The role of the Canadian FDD was embarrassing. Defending his decision not to force the drug’s withdrawal, the FDD director, Dr C. A. Morrell, later said that in December 1961 ‘it was all unconfirmed reports: Lenz hadn’t published yet. It seemed pretty vague. It didn’t occur to us to withdraw the drug’. The pressure on the FDD ratcheted up in late February 1962 when Time magazine pointed out that the drug was still being sold in Canada. More media attention raised the temperature further and, finally, on 2 March 1962, Morrell wrote to the companies politely asking them to withdraw their thalidomide drugs from sale. Despite being charged with protecting the health of Canadians, Dr Morrell was anxious not to cause offence to the peddlers of thalidomide. He was only asking for the withdrawal because of ‘increasing demands from Canadian physicians, as well as certain other pressure’. He finished with a grovel: ‘I regret very much having to take this course of action and can only hope for an early resolution of the problem.’

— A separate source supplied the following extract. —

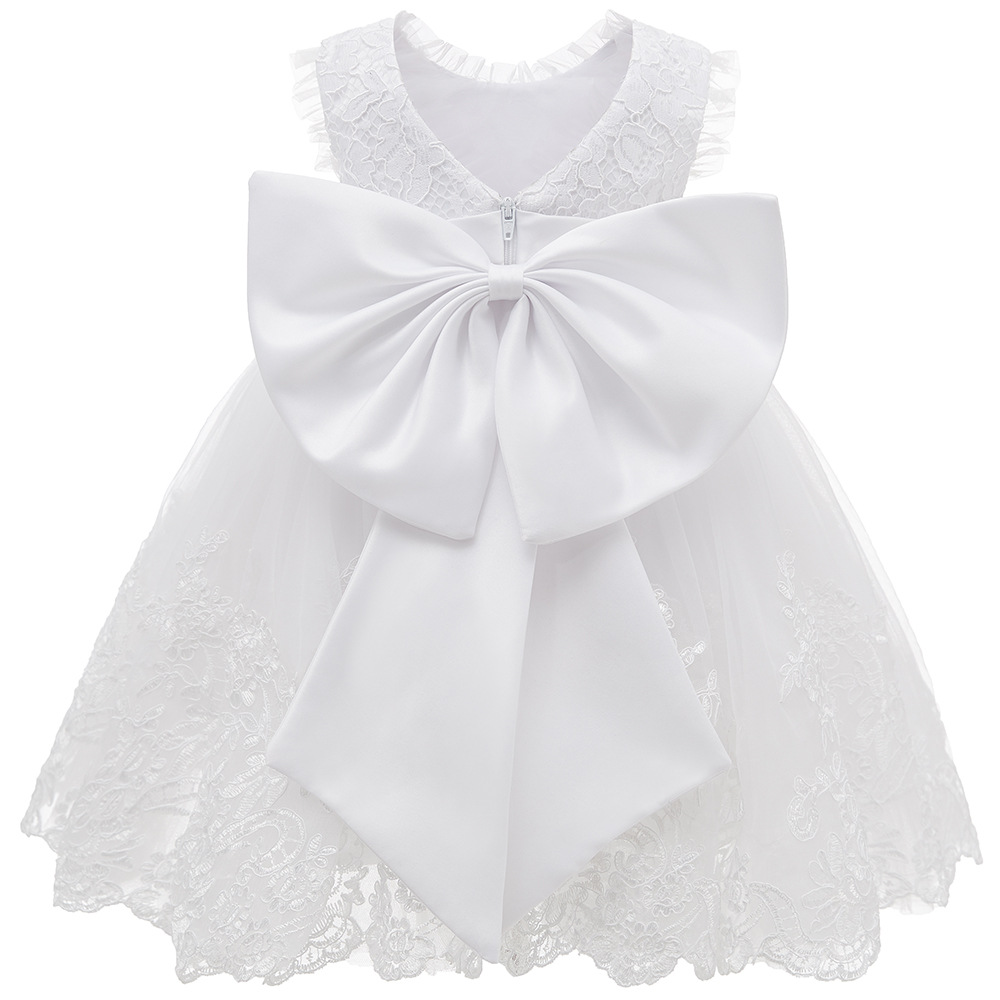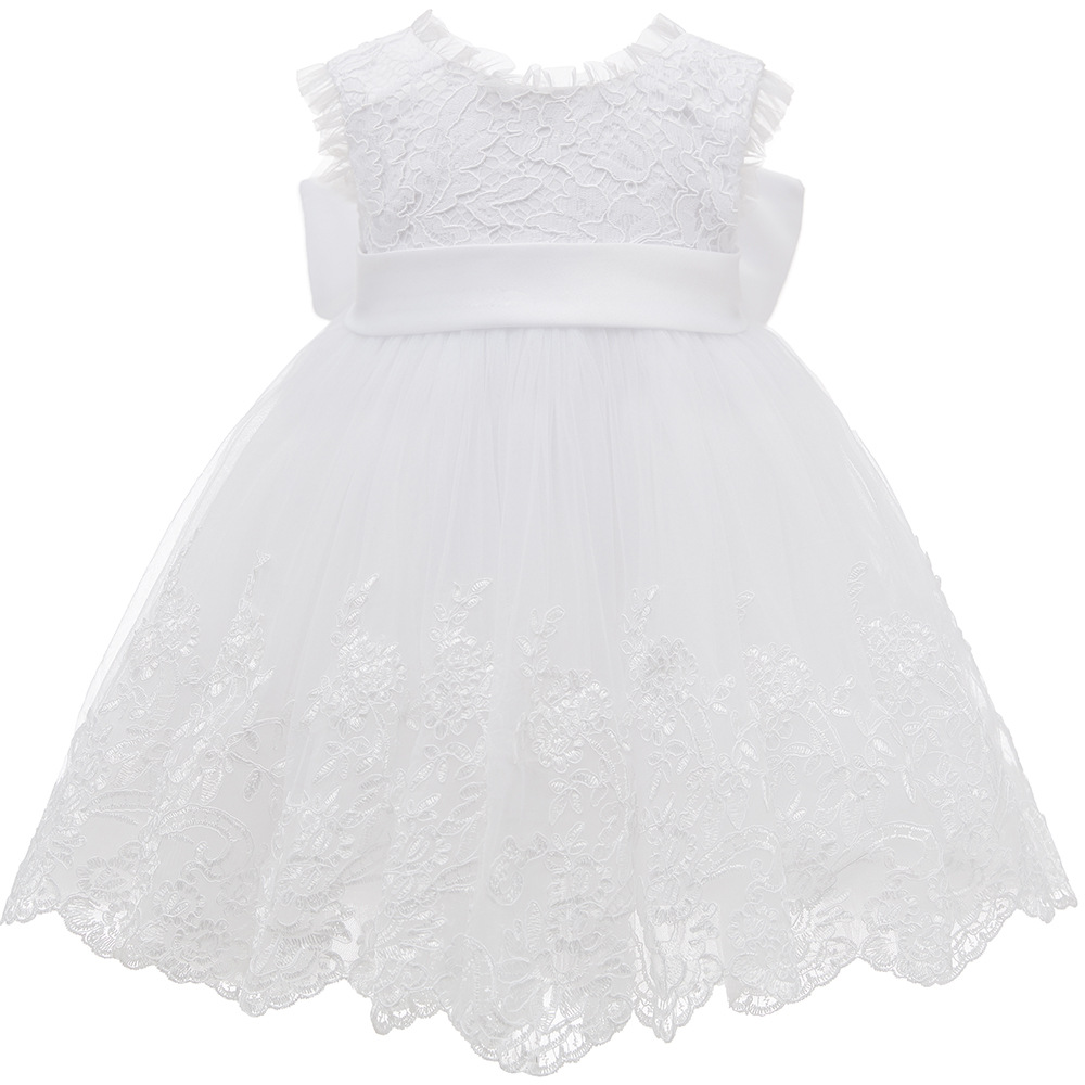 Traumhaft schöne Spitze am Rockrand und die große Schleife am Rücken machen das Festkleid einzigartig!

A few days later, in early March 1962, the drug companies wrote to Canadian doctors noting that the sale of thalidomide medications would cease. But these letters were far from effective. A month later, in April 1962, the news magazine Maclean’s found thalidomide available at many pharmacies. On 10 April 1962, the FDD finally took direct action, writing to doctors directly and ordering inspectors to recover thalidomide from pharmacies.

The delay in getting the drug off the market in Canada had a human cost. About thirty Canadian thalidomiders were exposed to the drug after 1 December 1961, the day Merrell and Horner doctors flew to Germany to investigate the malformation question. These survivors and their families had every right to be outraged that it took another four months to raise the alarm and get thalidomide off the shelves in Canada.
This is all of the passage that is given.